Rich, who did not want his full name used to avoid being caught, deals with even more stress because of his extreme measures. When the ban was first in place, the 38-year-old sound technician hid his two pit bulls for four years while he lived in a rented house in Denver, sneaking outside the city for their regular walks. After the ban was lifted, he came out in the open. He walked the dogs in the city's parks and was about to buy a house when the city announced it would resume rounding up pit bulls.

Rich backed out of the house deal, losing thousands of dollars. "Anything's better than being stuck in Denver and not being able to have my kids in my house," he said.

"I love the city of Denver. I wanted to settle here and they chased me out."

Rich had nowhere to go; his work was still in the city. So he jammed a mattress and a small propane-powered stove and refrigerator in the camper shell on his pickup and became a vagabond.

On workdays, he parks in the shade and leaves his pit bulls in the truck with a cooler of ice and the sunroof open. He crosses city limits at night to shower at friends' homes, walk his dogs and sleep with them in the pickup. Meanwhile, he is looking for a house in the suburbs.

In the Vigil household, Robin also was trying to find a new place in the suburbs, so she could live close to Denver with Baby and Chopper.

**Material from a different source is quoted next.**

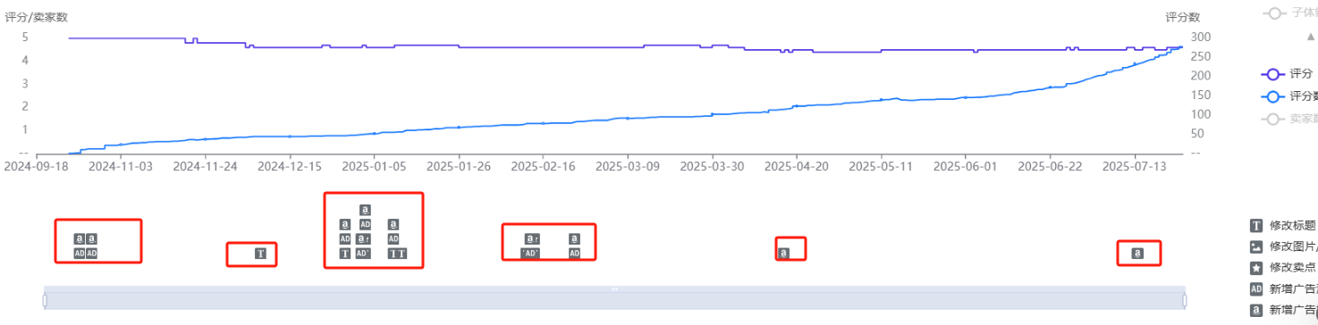 从链接排名和评论增长来看,异常的点不算特别多。其实分析产品,可以重点关注,它新品的操作手段,以及它流量爆发的手段。今年4-5月他降了3-4美元价格(有配合价格做推广的),排名一下冲到大类5000名。你可以看对方在这个时间段前后的周的流量变动情况。举一个例子,比如竞品4月14这周排名是8000,4月21日这周排名就到了5000,那么说明他的销量是增长了的。销量增长一般取决于流量增长(因为转化一般相对波动不大),那么你可以用软件排查一下对方的流量架构,它4月21日这周关键词流量发生了什么变化?比如是不是某些核心词排名上升了,推荐流量上升了等等。然后我们可以再进一步分析,例如对方推荐流量上升了,获得了XXX的推荐流量,你可以进一步用SIF剖析对方的推荐流量来源,基本可以扒得干净。

In the meantime, she planned to take the pit bulls to Mariah's Promise.

Then, at the last moment, her grandparents drove to Denver from their mountain home and offered to take the dogs. Baby and Chopper now live in Fairplay, about 85 miles southwest of Denver.

They will stay there for some time. In the past month, two cities near Denver have also proposed pit bull bans.

The uncertainty has stalled Robin Vigil's dreams of reuniting with Baby and Chopper. She has halted her apartment search because she does not know what town may outlaw pit bulls next.